You remind me of this guy


----------



## WILD_AMAZON1 (Jul 4, 2008)

Go to your Docs or the local A&E you pumpkin! It's not bad enough that you have had that brewing for weeks but you then went an introduced a most likely unsterile foreign body into and you've had a reaction to it!

If I was you I'd make an urgent appointment before it gets worse!They might just be able to clear it up with antibiotics. Or they might aspirate it, you never know you could even have to have a proper washout in theatre (which makes for pretty cool viewing if you get it done under local but apparently does not tickle too much!)


----------



## colt24 (Aug 24, 2007)

dazzla said:


> i noticed my elbow was swollen after a night out, after a few weeks it was still swollen so i decided to aspirate it, i managed to draw out 7.5ml of watery/pussy/blood. was this the right thing to do as it seems to of swollen back up again and i only did it last night


YUMMMMMMMMMMY


----------



## B-GJOE (May 7, 2009)

Contrary to the advice of other users. I had an inflamed bursa on my elbow from Sept 19th 2009 until about mid Jan 2010. Was causing me some pain on push movements. I did when I fell over and landed on it when I was pulling my niece on her new roller skates. I didn't go to the doctor, I just kept aspirating it myself to relieve the pressure. I figured that the NHS are so useless they wouldn't do much anyway. I mean, I wasn't incapacitated or anything, so it would've been a low priority to them, so it would've been go away, rest, take anti inflammatory's etc etc. FFS my missus has been suffering with a bad back for years, at the moment she is on a cocktail of pain relief drugs, and some days she can hardly do anything, and still the NHS have done fcuk all to sort it out.

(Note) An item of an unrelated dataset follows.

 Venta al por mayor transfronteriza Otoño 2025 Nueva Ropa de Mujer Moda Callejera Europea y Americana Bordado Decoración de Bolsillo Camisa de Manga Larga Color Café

If it is a an inflamed bursa, which it sounds like it is, then it will keep filling up after you aspirate it. I recommend after aspiration you strap it up tight to stop anymore swelling, whilst using cold treatment.

Google bursitis of the elbow, there is plenty of recommended treatments out there.


----------



## -Jack- (Sep 28, 2009)

we have the NHS for a reason!


----------



## B-GJOE (May 7, 2009)

-Jack- said:


> we have the NHS for a reason!


And that reason is?...............................

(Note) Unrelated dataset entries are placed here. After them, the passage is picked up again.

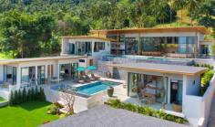6 Bedroom Hillside Villa with Infinity Pool in Koh Samui, Comfortably sleeps up to 15 guests with 2 swimming pools, spacious grounds, designer interiors and panoramic ocean views.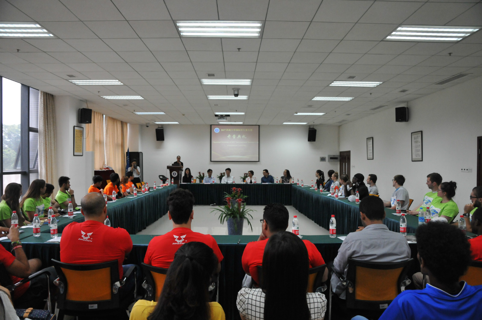 6月19日上午,sunbet申搏举行了“2017sunbet申搏国际员工夏令营”开营仪式。来自9个国家8所友好高校和1所中学的35名同学齐聚公司,开启了为期15天的参访学习。sunbet申搏经理王静、副经理李航,招生和教务工作负责人,以及任课教师代表、志愿者代表参加开营仪式。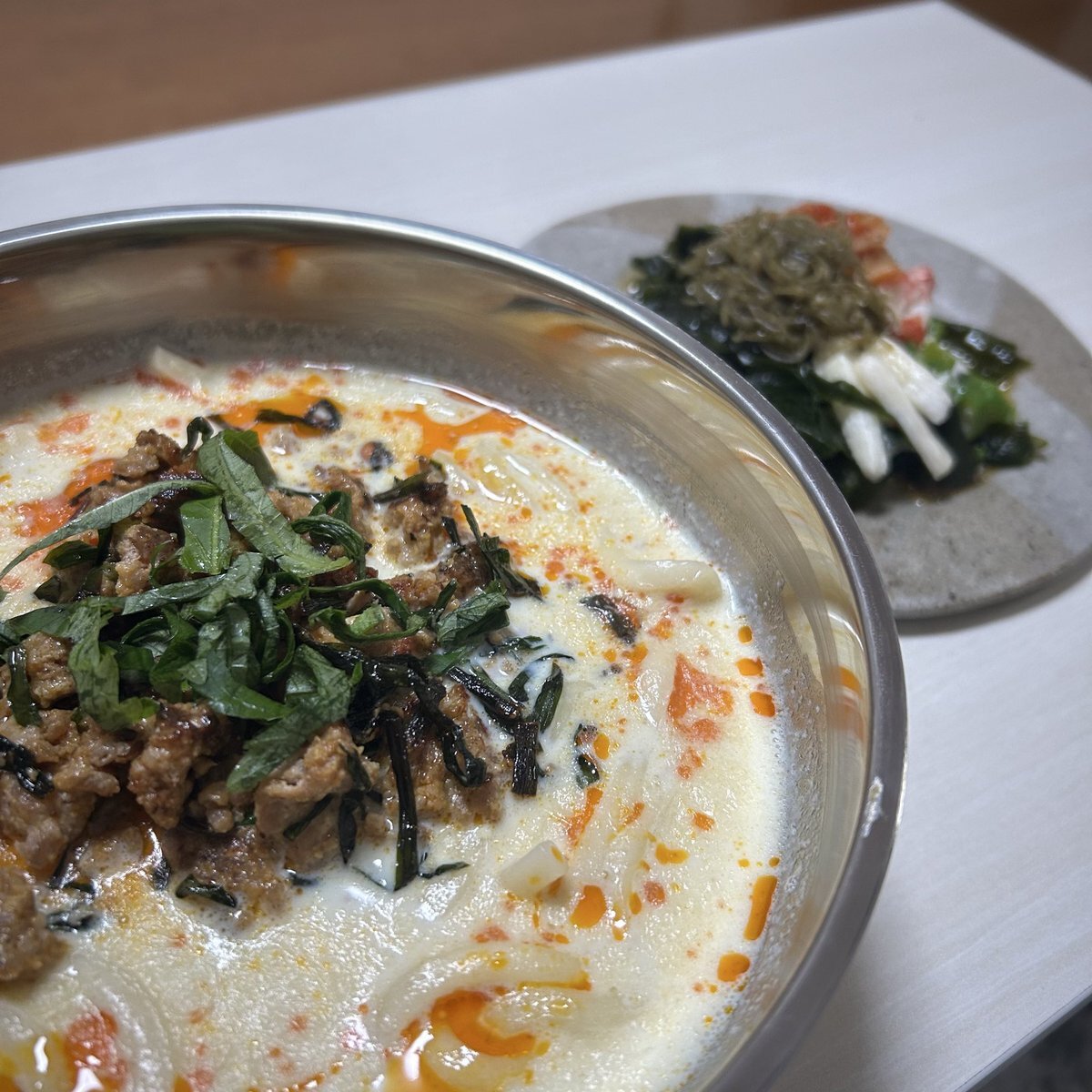 今日は一段と寒いから温かい豆乳坦々うどん🎀 この後ニラ足りなくて大量に入れた🥹🫶 坦々うどん大好き💭 そしてデザートは大好きなシャインマスカット💗 #料理好きな人と繋がりたい #料理好きさんと繋がりたい #料理好きと繋がりたい #料理好きな人とつながりたい #料理記録 #料理写真 #料理女子 pic.x.com/g8QIleM1Gq

So we can sit in queue's for hours and hours and hours, for 2 minutes with a doctor or consultant to tell you that you should go home and rest, and take some paracetamol??

C'mon! If this guy has got a bursitis of the elbow, it would have to persist for months before anything constructive gets done on the NHS.


----------



## WILD_AMAZON1 (Jul 4, 2008)

If there is pus coming out there is an infection in there and if it has flared straight back up it probably won't want to go away by itself.

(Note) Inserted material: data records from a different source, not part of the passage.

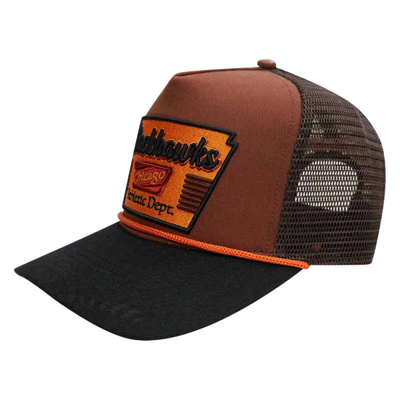 NHL CHICAGO BLACKHAWKS INSIGNIA WOOL 2 TONE PINCH FRONT TRUCKER (RUST\/BLACK)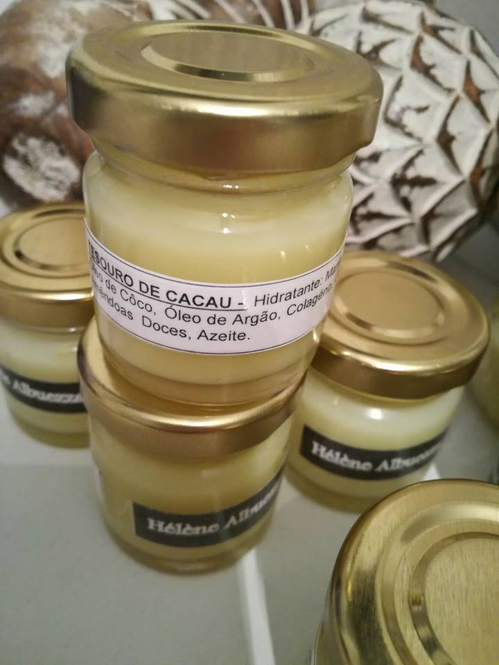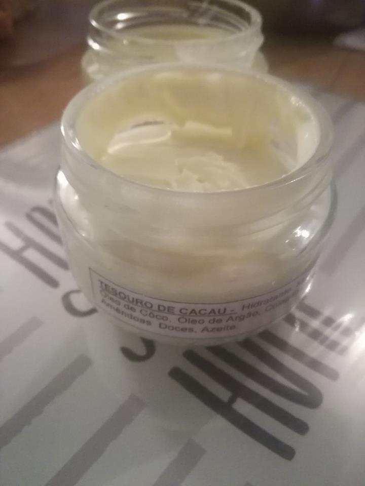 Hidratante: Manteiga de Cacau, Óleo de Côco, Óleo de Argão, Colagéno, Óleo de Amendoas Doces, Azeite.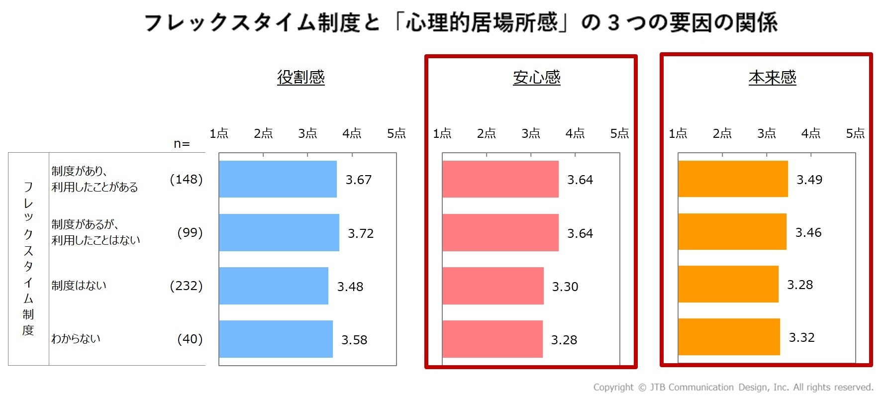 職場内で役割が明確になることや自分の存在価値を実感できることが、「役割感」の向上につながり、「心理的居場所感」を高める可能性が示されました。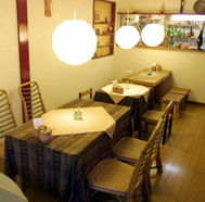 靴を脱いで上がった2階では、ゆっくりと落ち着いた空間で手づくりのスロヴェニア料理がいただけます。。旬の野菜やハーブをたっぷり使った料理は、あっさりとして食べやすく、スロヴェニアのワインとも相性ぴったりです。
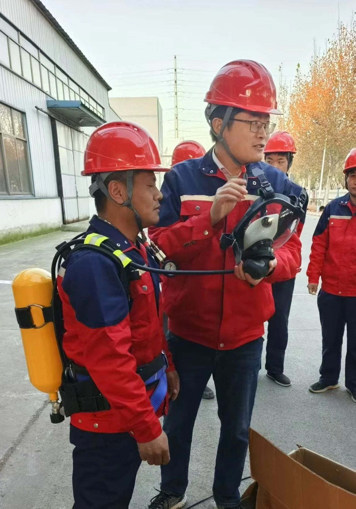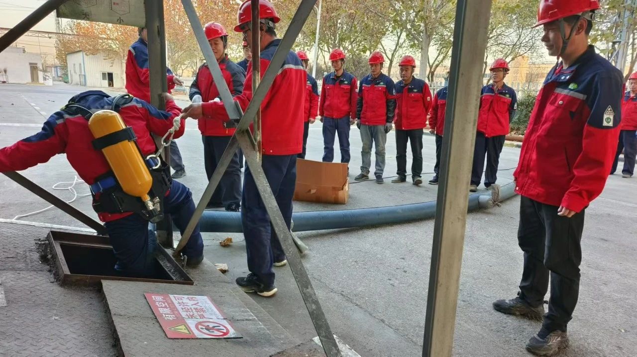 此次现场演练由安全员田立志事先准备好相关物资,并书写演习方案;生产经理姜继光负责统筹安排演习时间,在演习前三天告知相关参与人员,并将现场演练情况及不足告知总经理;赵大海负责维护现场秩序,对演练人员进行签到记录,李学松对演练过程进行拍照;田立志对《有限空间事故专项应急预案》、演练方案、情景模拟、安全事项、上报流程、救助细节、防护用品佩戴等进行详细讲解。

Surely a 5 minute phone call and 10 minute appointment is a worthwhile inconvenience?!


----------



## B-GJOE (May 7, 2009)

If it's puss then maybe some antibiotics will be in order. But if its just bloody fluid then just follow standard procedure for bursitis of the elbow.


----------



## gambitbullet (Dec 12, 2008)

B|GJOE said:


> And that reason is?...............................
> 
> So we can sit in queue's for hours and hours and hours, for 2 minutes with a doctor or consultant to tell you that you should go home and rest, and take some paracetamol??
> 
> C'mon! If this guy has got a bursitis of the elbow, it would have to persist for months before anything constructive gets done on the NHS.


Ah come on, you cant really blame the NHS for everyone beng so dependant on it. It was brought in to provide basic health care, but society has just gone over the top and demands more, its not the NHS's doing that made it the way it is today!!!

You have to remember the NHS has necver had a sufficient budget, and money is alwaays a problem. If people paid more national insurance, which im sure you all dont then you would ahve reason to complain, but if you dont wanna put more money in yet stillw ant to complain than your just flamming it


----------



## B-GJOE (May 7, 2009)

gambitbullet said:


> Ah come on, you cant really blame the NHS for everyone beng so dependant on it. It was brought in to provide basic health care, but society has just gone over the top and demands more, its not the NHS's doing that made it the way it is today!!!


Agree, there a lot of factors why we are in the bloody mess.

1. The modern diet is shot, and is causing western diseases.

2. Food manufacturers make crap food too cheap and accessible.

3. The NHS has been taken over by the pharmaceutical companies who profit form people being ill and made up ailments.

4. Too many low life scumbags draining resources so they can get their legal fixes

5. Too much red tape and administration also draining resources, instead of treating people

And the list goes on, but it doesn't alter the fact that they are useless in the present climate!


----------



## gambitbullet (Dec 12, 2008)

B|GJOE said:


> Agree, there a lot of factors why we are in the bloody mess.
> 
> 1. The modern diet is shot, and is causing western diseases.
> 
> ...


And if the Tories get in, further privatisation to follow. I really do fear what will happen to the UK if they come to power


----------



## B-GJOE (May 7, 2009)

gambitbullet said:


> And if the Tories get in, further privatisation to follow. I really do fear what will happen to the UK if they come to power


If there is a tax relief then it may be a good thing to go private!


----------



## dazzla (Feb 4, 2009)

i kept the syringes from the 'home surgery' to hand ive just had a quick look at them and noticed the blood has separated, theres hardly and blood and the rest is a goldeny yellow coloured liquid. looks a bit weird. is that signs of an infection? ive not lost any movement of the elbow, ive had it before as well and it went away after a few months. it feels like there is a chipped bone under the surface.


----------



## ollie321 (Mar 29, 2010)

Think you will need antibiotics mate tbh


----------



## adlewar (Oct 14, 2008)

get an axe, chop off your arm.......job done!!


----------



## Prodiver (Nov 14, 2008)

OP: take Wild Amazon's advice and GO TO A&E!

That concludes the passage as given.